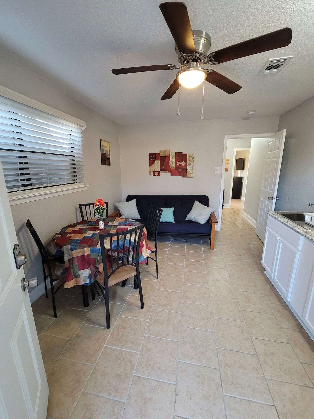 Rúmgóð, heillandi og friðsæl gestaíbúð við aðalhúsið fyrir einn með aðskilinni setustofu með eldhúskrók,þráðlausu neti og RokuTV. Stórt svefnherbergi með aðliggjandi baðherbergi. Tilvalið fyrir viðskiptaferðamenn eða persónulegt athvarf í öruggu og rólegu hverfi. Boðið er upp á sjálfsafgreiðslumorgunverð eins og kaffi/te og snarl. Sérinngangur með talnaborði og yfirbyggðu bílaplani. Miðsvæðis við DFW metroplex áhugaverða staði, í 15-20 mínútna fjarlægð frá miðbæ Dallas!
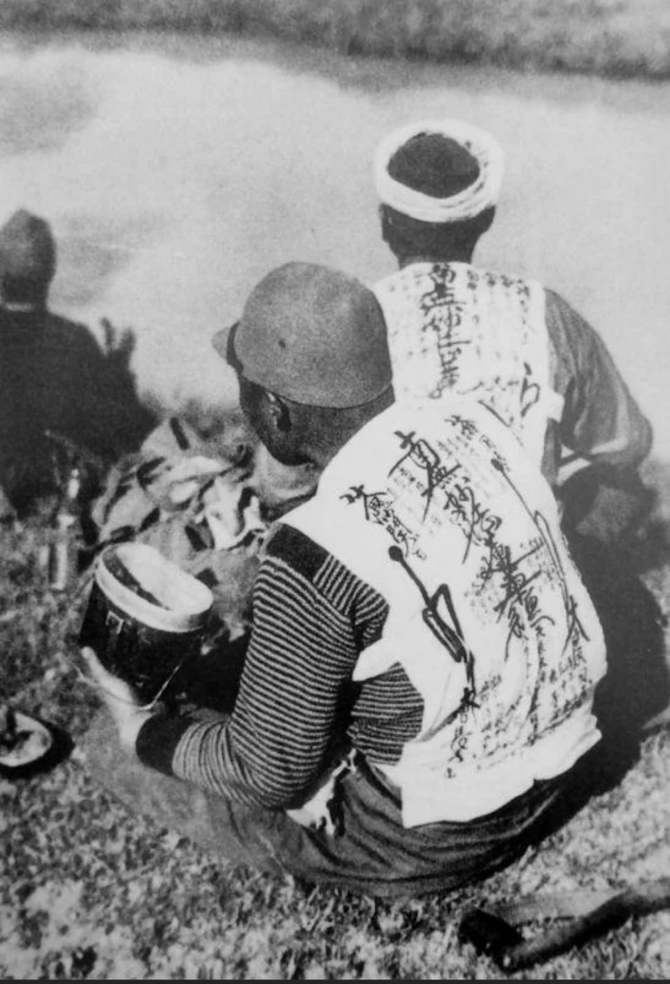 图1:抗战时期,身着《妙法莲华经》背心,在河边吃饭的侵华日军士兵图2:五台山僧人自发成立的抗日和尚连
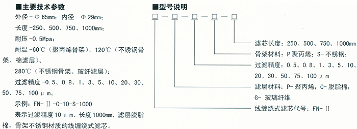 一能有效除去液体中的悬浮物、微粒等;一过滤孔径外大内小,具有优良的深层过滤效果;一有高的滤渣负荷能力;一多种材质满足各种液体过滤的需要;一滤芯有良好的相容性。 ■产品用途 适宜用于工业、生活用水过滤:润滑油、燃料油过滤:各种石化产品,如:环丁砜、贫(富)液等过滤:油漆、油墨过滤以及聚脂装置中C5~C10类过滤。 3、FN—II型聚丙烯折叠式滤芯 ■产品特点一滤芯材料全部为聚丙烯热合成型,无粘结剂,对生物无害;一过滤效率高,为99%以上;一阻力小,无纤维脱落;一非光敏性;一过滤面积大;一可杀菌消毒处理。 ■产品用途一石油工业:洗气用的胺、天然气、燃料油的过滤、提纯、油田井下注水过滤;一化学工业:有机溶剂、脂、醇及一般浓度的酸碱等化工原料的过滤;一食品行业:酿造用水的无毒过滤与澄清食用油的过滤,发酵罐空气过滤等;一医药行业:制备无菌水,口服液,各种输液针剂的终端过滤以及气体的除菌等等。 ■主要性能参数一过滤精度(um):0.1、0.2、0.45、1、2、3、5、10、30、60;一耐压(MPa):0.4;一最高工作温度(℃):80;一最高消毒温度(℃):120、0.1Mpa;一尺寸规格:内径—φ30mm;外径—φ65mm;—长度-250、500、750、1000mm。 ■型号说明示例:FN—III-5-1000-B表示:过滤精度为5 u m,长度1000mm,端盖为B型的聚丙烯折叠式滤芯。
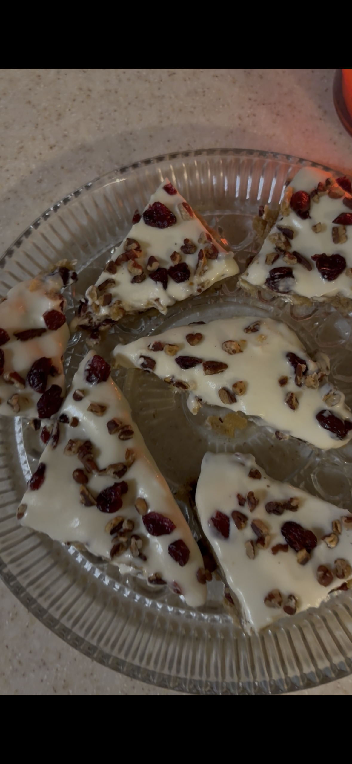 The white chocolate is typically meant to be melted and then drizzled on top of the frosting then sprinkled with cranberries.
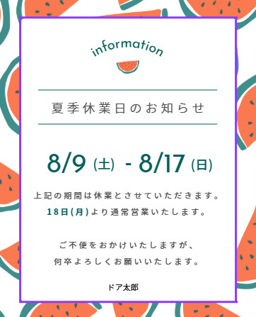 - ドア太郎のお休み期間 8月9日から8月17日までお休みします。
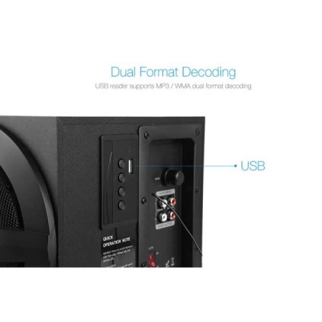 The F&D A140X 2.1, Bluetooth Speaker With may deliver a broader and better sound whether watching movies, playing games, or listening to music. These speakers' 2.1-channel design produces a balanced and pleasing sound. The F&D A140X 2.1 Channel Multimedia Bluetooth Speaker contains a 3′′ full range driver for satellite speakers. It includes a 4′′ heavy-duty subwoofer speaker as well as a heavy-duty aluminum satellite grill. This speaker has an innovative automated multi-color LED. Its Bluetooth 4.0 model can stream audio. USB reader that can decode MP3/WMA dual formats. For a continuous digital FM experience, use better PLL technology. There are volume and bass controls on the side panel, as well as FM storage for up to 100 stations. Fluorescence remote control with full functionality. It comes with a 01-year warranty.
==
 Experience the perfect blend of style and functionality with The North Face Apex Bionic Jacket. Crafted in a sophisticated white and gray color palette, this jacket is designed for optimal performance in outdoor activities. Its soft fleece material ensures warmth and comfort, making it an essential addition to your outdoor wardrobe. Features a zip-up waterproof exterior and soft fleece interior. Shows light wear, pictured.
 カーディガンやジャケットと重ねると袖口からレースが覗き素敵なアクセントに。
---
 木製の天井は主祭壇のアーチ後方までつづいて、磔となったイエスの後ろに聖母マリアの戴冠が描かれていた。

● Prompt
In the records above, copy exactly everything from the line that has "Rúmgóð, heillandi og" down to the line that has "- ドア太郎のお休み期間 8月9日から8月17日までお休みします。", both ends included, and leave out the pictures.

● Solution for this problem
 Rúmgóð, heillandi og friðsæl gestaíbúð við aðalhúsið fyrir einn með aðskilinni setustofu með eldhúskrók,þráðlausu neti og RokuTV. Stórt svefnherbergi með aðliggjandi baðherbergi. Tilvalið fyrir viðskiptaferðamenn eða persónulegt athvarf í öruggu og rólegu hverfi. Boðið er upp á sjálfsafgreiðslumorgunverð eins og kaffi/te og snarl. Sérinngangur með talnaborði og yfirbyggðu bílaplani. Miðsvæðis við DFW metroplex áhugaverða staði, í 15-20 mínútna fjarlægð frá miðbæ Dallas!
 图1:抗战时期,身着《妙法莲华经》背心,在河边吃饭的侵华日军士兵图2:五台山僧人自发成立的抗日和尚连
 一能有效除去液体中的悬浮物、微粒等;一过滤孔径外大内小,具有优良的深层过滤效果;一有高的滤渣负荷能力;一多种材质满足各种液体过滤的需要;一滤芯有良好的相容性。 ■产品用途 适宜用于工业、生活用水过滤:润滑油、燃料油过滤:各种石化产品,如:环丁砜、贫(富)液等过滤:油漆、油墨过滤以及聚脂装置中C5~C10类过滤。 3、FN—II型聚丙烯折叠式滤芯 ■产品特点一滤芯材料全部为聚丙烯热合成型,无粘结剂,对生物无害;一过滤效率高,为99%以上;一阻力小,无纤维脱落;一非光敏性;一过滤面积大;一可杀菌消毒处理。 ■产品用途一石油工业:洗气用的胺、天然气、燃料油的过滤、提纯、油田井下注水过滤;一化学工业:有机溶剂、脂、醇及一般浓度的酸碱等化工原料的过滤;一食品行业:酿造用水的无毒过滤与澄清食用油的过滤,发酵罐空气过滤等;一医药行业:制备无菌水,口服液,各种输液针剂的终端过滤以及气体的除菌等等。 ■主要性能参数一过滤精度(um):0.1、0.2、0.45、1、2、3、5、10、30、60;一耐压(MPa):0.4;一最高工作温度(℃):80;一最高消毒温度(℃):120、0.1Mpa;一尺寸规格:内径—φ30mm;外径—φ65mm;—长度-250、500、750、1000mm。 ■型号说明示例:FN—III-5-1000-B表示:过滤精度为5 u m,长度1000mm,端盖为B型的聚丙烯折叠式滤芯。
 The white chocolate is typically meant to be melted and then drizzled on top of the frosting then sprinkled with cranberries.
 - ドア太郎のお休み期間 8月9日から8月17日までお休みします。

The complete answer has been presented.